(Collected data Opens)

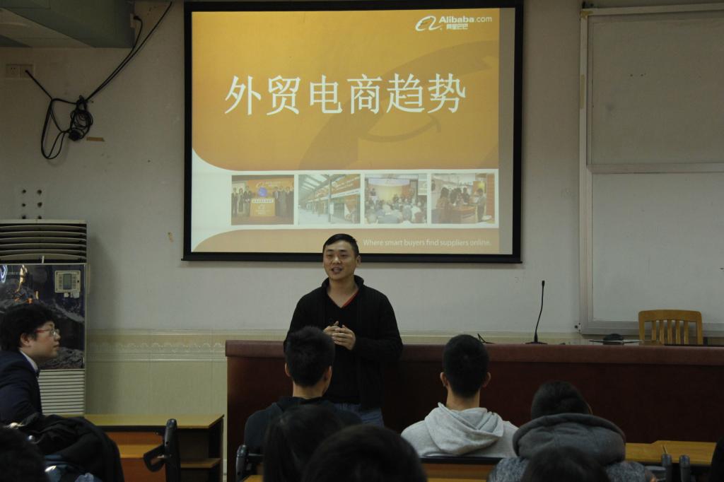 许蔚师兄是佛山市索卡尔钢业有限公司总经理兼董事长,他首先介绍了自己大学期间在广交会不同岗位的实习经验,以及毕业后在外贸公司工作的感想。接着许蔚师兄分享了他在外贸公司工作数月后毅然辞职,自主创业的经历与心路历程。接着他以自己的公司为例,从供应链管理的角度,简单介绍了外贸公司的业务流程。他广泛举例,从会展、国内的B2B平台、直接面向目标客户等多个渠道,让同学们在生动地了解到国际营销策略的相关知识。许蔚师兄还邀请了嘉宾——阿里巴巴佛山地区客户经理邓泽辉为我们介绍外贸电商的发展趋势。邓泽辉先生以阿里巴巴为例,深入浅出地为我们描述了近几年来国内电商平台的发展,同时也介绍了国内供应商如何在电商平台赢得更多客户的信任。
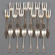 Twaalf 2e gehalte zilveren taartvorkjes met opengewerkte steel, en zes 2e gehalte zilveren mokkalepeltjes met bloem op de steel, gewicht 140 gram, vork 11,5 cm
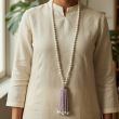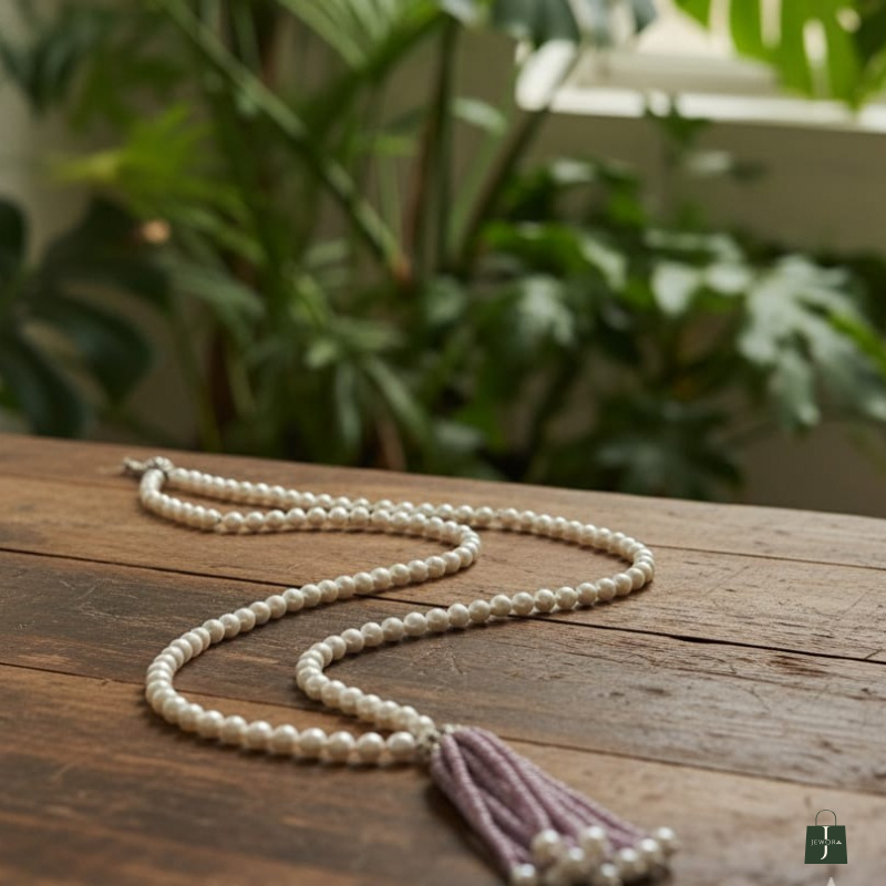 The flowing tassel creates movement and sophistication, while the smooth pearl finish reflects classic refinement. Perfect for festive gatherings, formal occasions, elegant day wear, and modern traditional styling, this necklace blends simplicity with graceful detail.

(Collected data Closes)

Exercise directions —
Could you give the listing above again word for word, without any pictures?

Answer for the task —
 许蔚师兄是佛山市索卡尔钢业有限公司总经理兼董事长,他首先介绍了自己大学期间在广交会不同岗位的实习经验,以及毕业后在外贸公司工作的感想。接着许蔚师兄分享了他在外贸公司工作数月后毅然辞职,自主创业的经历与心路历程。接着他以自己的公司为例,从供应链管理的角度,简单介绍了外贸公司的业务流程。他广泛举例,从会展、国内的B2B平台、直接面向目标客户等多个渠道,让同学们在生动地了解到国际营销策略的相关知识。许蔚师兄还邀请了嘉宾——阿里巴巴佛山地区客户经理邓泽辉为我们介绍外贸电商的发展趋势。邓泽辉先生以阿里巴巴为例,深入浅出地为我们描述了近几年来国内电商平台的发展,同时也介绍了国内供应商如何在电商平台赢得更多客户的信任。
 Twaalf 2e gehalte zilveren taartvorkjes met opengewerkte steel, en zes 2e gehalte zilveren mokkalepeltjes met bloem op de steel, gewicht 140 gram, vork 11,5 cm
 The flowing tassel creates movement and sophistication, while the smooth pearl finish reflects classic refinement. Perfect for festive gatherings, formal occasions, elegant day wear, and modern traditional styling, this necklace blends simplicity with graceful detail.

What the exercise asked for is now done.